## Problem
Exclude all pictures, then write out exactly the lines below from the first one through the line with "18K Yellow Gold".

[Stored data entries]

━━━━━━━━━━━━━━━━━━━━━━━━━━━━━━

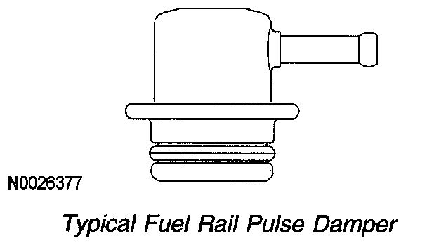 The fuel rail pulse damper is located on the fuel rail and reduces the fuel system noise caused by the pulsing of the fuel injectors. The vacuum port located on the damper is connected to manifold vacuum to avoid fuel spillage if the pulse damper diaphragm ruptures. The fuel rail pulse damper should not be confused with a fuel pressure regulator; it does not regulate the fuel rail pressure.
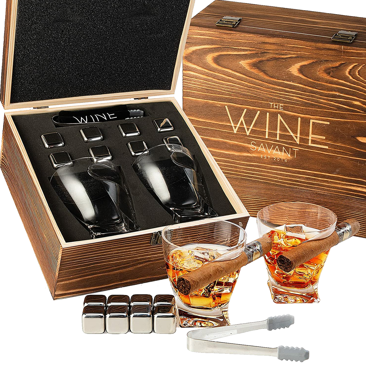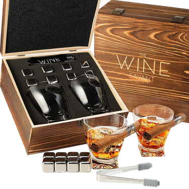 - AESTHETICALLY PLEASING: The Cigar glasses have an optical effect created by the interplay of broad cuts and contrasting angles. These funky and fun glasses have a space reserved for cigars in them! Ideal for whiskey lovers, this set includes all you need to create an impressive Old Fashioned cocktail for guests at home or while out on the town. Comes with 8 Cube whiskey stones and tongs all stored away in the elegant mahogany box!
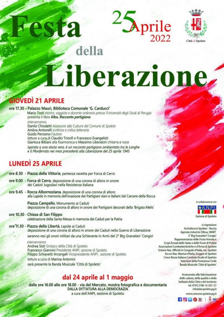 La presentazione del libro ‘Alba. Racconto partigiano’, la mostra fotografica e documentaria ‘Dalla dittatura alla democrazia’ e le celebrazioni del 25 aprile. Sono questi gli appuntamenti organizzati dall’amministrazione comunale, in collaborazione con ANPI sezione di Spoleto, per celebrare la 77ª FESTA DELLA LIBERAZIONE.
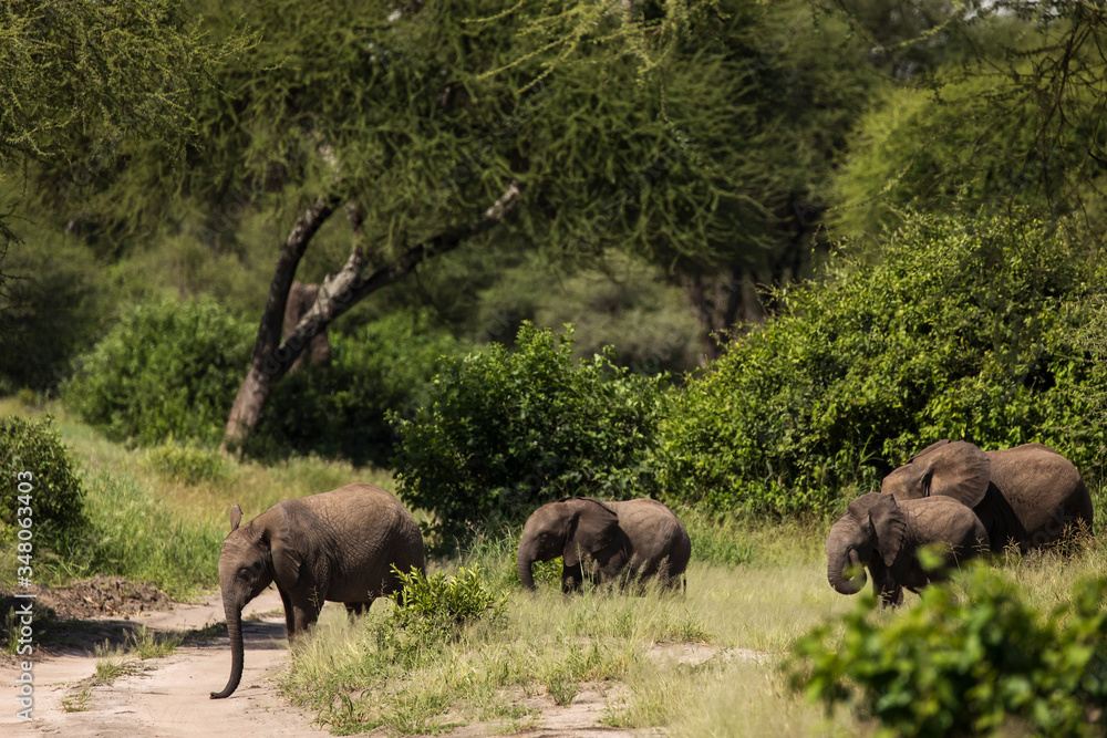 Samolepka Beautiful elephants during safari in Tarangire National Park, Tanzania
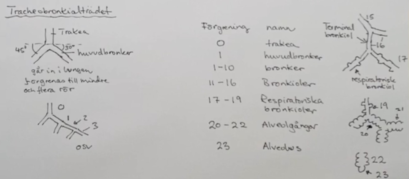 Har alveoler längs rörväggen — transport av luft och deltar i respiration
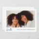 Demandez à vos demoiselles d'honneur avec style grâce à la proposition de demoiselle d'honneur photo noir chic minimaliste. Avec un design noir élégant et une photo personnelle, cette carte moderne et intemporelle est le moyen idéal pour inviter vos amies les plus proches à être à vos côtés le jour de votre mariage.
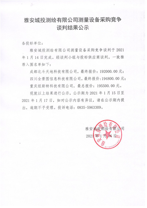 雅安城投測繪有限公司測量設備采購競爭談判結果公示
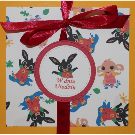 Kartka na urodziny dla dzieci królik Bing króliczek zajączek żółta
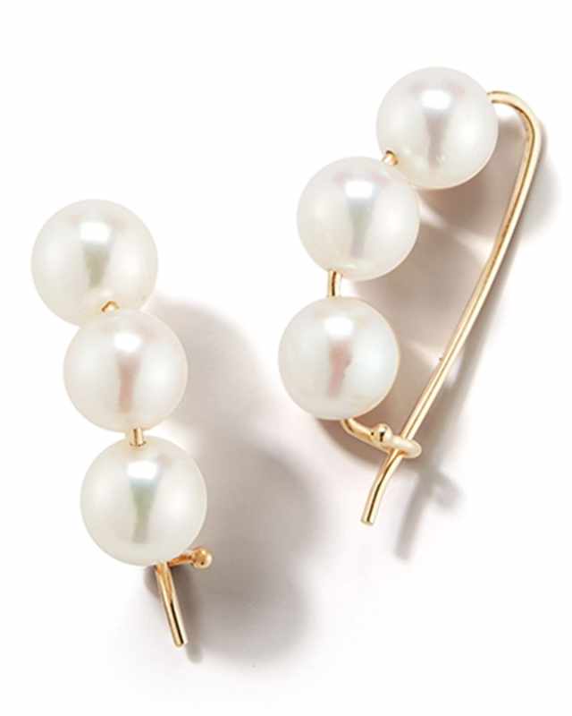18K Yellow Gold Cuff Earring with Akoya Pearl, Single
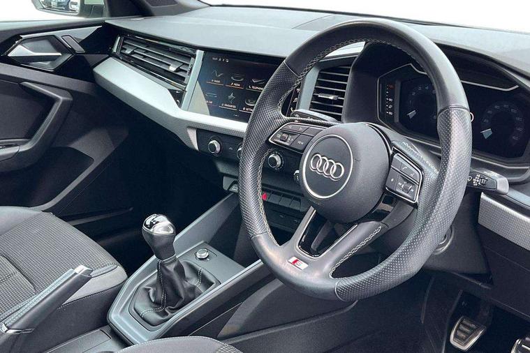 10.25" Digital instrument cluster display classis style instrument dials + speed, odometer, time, outside temperature, telephone menu + fuel level warning, Audi drive select - power steering assistance + engine, Audi smartphone interface with connect compatible smartphone via USB directly MMI display + Nav, music, third party apps controlled via MMI controller, Automatic start/stop system, Bluetooth interface, Cruise control, Driver's information system, Electromechanical power steering, Emergency e-call, Emergency services call system, Lane departure warning system, Service interval indicator, Speed limiter, Voice control system, Washer fluid level indicator, Sports suspension, 1 x SDXC card reader, 2 x USB type C connection points, DAB Digital radio, MMI radio plus with 8.8" colour MMI display screen and MMI touch, Auto dimming rear view mirror, Body coloured door mirrors, Door sills with aluminium inlays and S Line logo, Electric front and rear windows, Electrically adjustable, heated, folding door mirrors with integrated LED side indicator, Front side air inlets in grained matt black and C frame in anthracite black, Heat insulating glass windscreen and side windows, Heated rear windscreen, High level LED brake light, LED headlights with LED rear lights + dynamic rear indicators + headlight adjustment and high beam, turning light + LED daytime running lights, Radiator grille and rear diffuser in matt anthracite black, Radiator protective grille frame in matt aluminium silver, Rain and light sensors, Rear fog lights, Rear side wing doors, Rear wing door, Rear wiper, S line badges on front wings, Side front spoiler lips in grained matt black, 12V socket in centre console with two cup holders, 3 rear seats with headrests, 3 seat bench in 2nd row, 3 spoke leather multi-function plus steering wheel features S badging and grips in perforated leather with contrast stitching, 40:60 Split folding rear seat or folded fully, Black cloth headlining, Driver and passenger seat with manual height adjust with forward and backwards adjustment, Front and rear black floor mats with contrast stitching in fine silver, Front head restraints, Front passenger seat, Height and reach adjustable steering wheel, ISOFIX child seat mounting for front passenger and outer rear seats including top tether attachment point of outer rear seats, Leather gear knob with aluminium trim, Luggage compartment light with front and rear reading lights, Manually adjustable lumbar support in front seats, Stainless steel pedals, LED interior lighting pack - A1, Luggage compartment pack - A1, S line exterior styling pack - A1 Sportback, 3x3 point rear seatbelts, Audi pre-sense front with pedestrain and cyclist recognition, Brake assist function, Driver and front passenger airbag with front side and head airbags, Electronic Stability Control including ABS, EBD, ASR and EDL, Front passenger airbag deactivation switch, Hill hold assist, Manual rear child locks, Seatbelt height adjustment for front seats, Seatbelt monitoring, Tyre pressure warning light, Warning triangle and first aid kit, Anti theft alarm, Anti theft wheel bolts and loose wheel warning, Immobiliser, Remote central locking with 2 foldaway keys, Aluminium trim for control switches, air vents and digital instrument cluster, Silver grey inlays polygon structure in diamond paint finish, Structured grey accent areas including air vents, door handle recesses and centre console in quartz paint finish,

━━━━━━━━━━━━━━━━━━━━━━━━━━━━━━

## Solution to the exercise
 The fuel rail pulse damper is located on the fuel rail and reduces the fuel system noise caused by the pulsing of the fuel injectors. The vacuum port located on the damper is connected to manifold vacuum to avoid fuel spillage if the pulse damper diaphragm ruptures. The fuel rail pulse damper should not be confused with a fuel pressure regulator; it does not regulate the fuel rail pressure.
 - AESTHETICALLY PLEASING: The Cigar glasses have an optical effect created by the interplay of broad cuts and contrasting angles. These funky and fun glasses have a space reserved for cigars in them! Ideal for whiskey lovers, this set includes all you need to create an impressive Old Fashioned cocktail for guests at home or while out on the town. Comes with 8 Cube whiskey stones and tongs all stored away in the elegant mahogany box!
 La presentazione del libro ‘Alba. Racconto partigiano’, la mostra fotografica e documentaria ‘Dalla dittatura alla democrazia’ e le celebrazioni del 25 aprile. Sono questi gli appuntamenti organizzati dall’amministrazione comunale, in collaborazione con ANPI sezione di Spoleto, per celebrare la 77ª FESTA DELLA LIBERAZIONE.
 Samolepka Beautiful elephants during safari in Tarangire National Park, Tanzania
 Har alveoler längs rörväggen — transport av luft och deltar i respiration
 Demandez à vos demoiselles d'honneur avec style grâce à la proposition de demoiselle d'honneur photo noir chic minimaliste. Avec un design noir élégant et une photo personnelle, cette carte moderne et intemporelle est le moyen idéal pour inviter vos amies les plus proches à être à vos côtés le jour de votre mariage.
 雅安城投測繪有限公司測量設備采購競爭談判結果公示
 Kartka na urodziny dla dzieci królik Bing króliczek zajączek żółta
18K Yellow Gold Cuff Earring with Akoya Pearl, Single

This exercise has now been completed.